No one can say the program shies away from heavyweight themes. The first episode dealt with childbirth (Liz's fear that "I'm running out of time"), with death (Peter, the stockbroker, has made money from one of those insurance policies that allow investors to profit from a stranger's early demise), and, of course, sex, in the washroom and on their minds. Ballcap Pete takes a narrow view of sex. He's nervously homophobic and he calls sex with his wife "intimate relations."

With the obvious success of the earliest editions behind them, the producers and writers must be wondering how far their stories can develop. Using a journey as a way to show character goes back to Homer and in modern times encompasses everything from John Ford's Stagecoach to James Cameron's Titanic. But a commuter train?

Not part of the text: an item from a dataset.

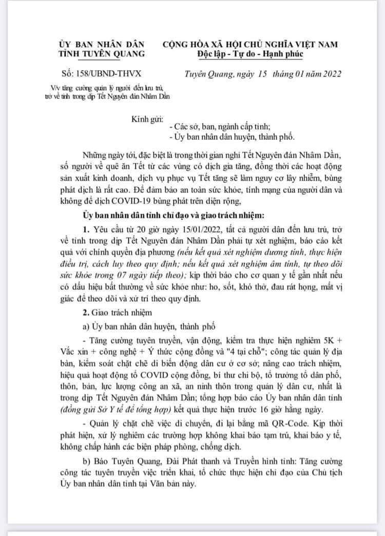 Ngày 15-1, UBND tỉnh ban hành văn bản số 158/UBND-THVX về việc tăng cường quản lý người đến lưu trú, trở về tỉnh trong dịp Tết Nguyên đán Nhâm Dần, cụ thể như sau:
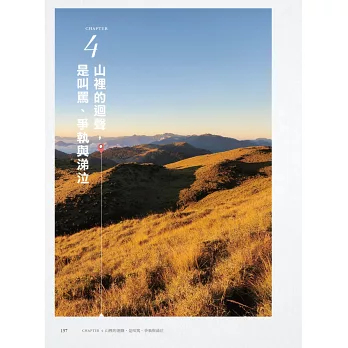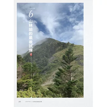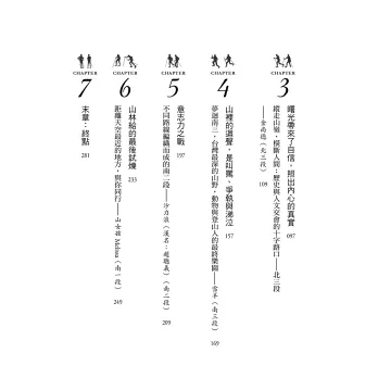 ☆ 書寫人與山的相遇,六位創作者──小說家高翊峰、企業家林廷芳、文史工作者金尚德、山岳報導者雪羊、布農族詩人沙力浪,還有山女孩Melissa,以不同視角切入,從北到南,逐步探索北一段、北二段、北三段,到南三段、南二段、南一段,寫出每一段的自然山林與人文歷史、屬於族群與個人的記憶,以及山岳教會我們的許多事。

It doesn't stop for new passengers and doesn't alter its destination, thereby eliminating two traditional sources of narrative. Train 48's writers will have to be nimble to avoid claustrophobia and repetition.

Product placement, part of the business plan for the program, somehow fits these characters perfectly. So far we've seen only a little of it, including a poster inside the train advertising Fido and a Tim Hortons logo that flashes by in the night. And because Train 48 is made for Global, our CanWest corporate partner, characters on the train reading a newspaper will for certain choose the National Post, unless they're criticizing The Toronto Sun. Furthermore, on Tuesday nights you can catch a glimpse of Rebecca Eckler among the extras in the background, absorbing column material. That all strikes me as admirably educational. Finally, someone has figured out how to illustrate the meaning of "convergence."